The managers of a brokerage firm are interested in finding out if the number of new clients a broker brings into the firm affects the sales generated by the broker. They sample 12 brokers and determine the number of new clients they have enrolled in the last year and their sales amounts in thousands of dollars. These data are presented in the table that follows.

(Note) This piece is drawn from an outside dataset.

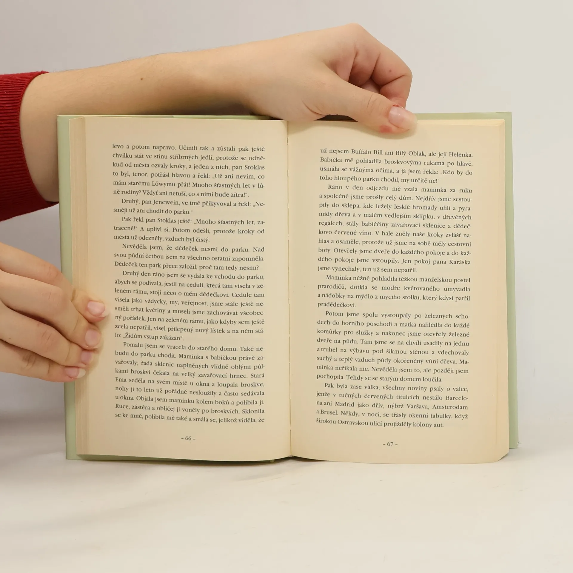 Román Hanny Demetzové (1928 Ústí nad Labem — 1993 Bethlehem USA) se odehrává v okupovaných Čechách. Jeho hrdinka Helenka vnímá ohrožení, které ji začíná obklopovat z počátku jen jaksi mimoděk, na pozadí vlastních dětských a pubertálních problémů. Ale postupně musí přihlížet, jak její blízké, matku — českou Židovku, otce — sudetského Němce, jejich sourozence a příbuzné, i její první lásku, německého vojáka, doba nemilosrdně třídí do znepřátelených táborů a obrazně i doslova je ničí. Z této (do značné míry autobiografické) perspektivy se autorce knihy podařilo v naléhavé zkratce načrtnout řadu otázek spojených s židovským osudem i koncem tisíciletého soužití tří kultur v českých zemích.

To calculate \( S_{xy} \), which is the covariance between the number of clients and the sales generated, we first need to find the necessary components, including the mean (average) of the clients and sales. The formula for \( S_{xy} \) is:

\[ S_{xy} = \sum{(X_i - \bar{X})(Y_i - \bar{Y})} \]

where:

• \( X_i \) is the number of clients for each broker,
• \( Y_i \) is the sales for each broker,
• \( \bar{X} \) is the mean number of clients,
• \( \bar{Y} \) is the mean sales.

Step 1: Calculate the means

1. Calculate the mean number of clients (\( \bar{X} \)):

\[ \bar{X} = \frac{\text{Total Clients}}{n} = \frac{27 + 11 + 42 + 33 + 15 + 15 + 25 + 36 + 28 + 30 + 17 + 22}{12} \]

Calculating the total:

\[ \text{Total Clients} = 27 + 11 + 42 + 33 + 15 + 15 + 25 + 36 + 28 + 30 + 17 + 22 = 392 \]

So,

\[ \bar{X} = \frac{392}{12} \approx 32.67 \]

2. Calculate the mean sales (\( \bar{Y} \)):

\[ \bar{Y} = \frac{\text{Total Sales}}{n} = \frac{52 + 37 + 64 + 55 + 29 + 34 + 58 + 59 + 44 + 48 + 31 + 38}{12} \]

Calculating the total:

\[ \text{Total Sales} = 52 + 37 + 64 + 55 + 29 + 34 + 58 + 59 + 44 + 48 + 31 + 38 = 489 \]

So,

\[ \bar{Y} = \frac{489}{12} \approx 40.75 \]

Step 2: Calculate \( S_{xy} \)

Now we calculate \( S_{xy} \):

1. Find \( (X_i - \bar{X}) \) and \( (Y_i - \bar{Y}) \) for each broker, then compute the product:

| Broker | Clients (\(X_i\)) | Sales (\(Y_i\)) | \(X_i - \bar{X}\) | \(Y_i - \bar{Y}\) | \( (X_i - \bar{X})(Y_i - \bar{Y}) \) | |--------|------------------|-----------------|---------------------|---------------------|-------------------------------------| | 1 | 27 | 52 | -5.67 | 11.25 | -63.75 | | 2 | 11 | 37 | -21.67 | -3.75 | 81.26 | | 3 | 42 | 64 | 9.33 | 23.25 | 217.78 | | 4 | 33 | 55 | 0.33 | 14.25 | 4.69 | | 5 | 15 | 29 | -17.67 | -11.75 | 207.64 | | 6 | 15 | 34 | -17.67 | -6.75 | 119.69 | | 7 | 25 | 58 | -7.67 | 17.25 | -132.44 | | 8 | 36 | 59 | 3.33 | 18.25 | 60.83 | | 9 | 28 | 44 | -4.67 | 3.25 | -15.19 | | 10 | 30 | 48 | -2.67 | 7.25 | -19.38 | | 11 | 17 | 31 | -15.67 | -9.75 | 152.14 | | 12 | 22 | 38 | -10.67 | -2.75 | 29.33 |

Calculating the total of the last column:

\[ S_{xy} = -63.75 + 81.26 + 217.78 + 4.69 + 207.64 + 119.69 - 132.44 + 60.83 - 15.19 - 19.38 + 152.14 + 29.33 \] \[ S_{xy} \approx 327.48 \]

Conclusion

Therefore, the value of \( S_{xy} \) is approximately 327.48.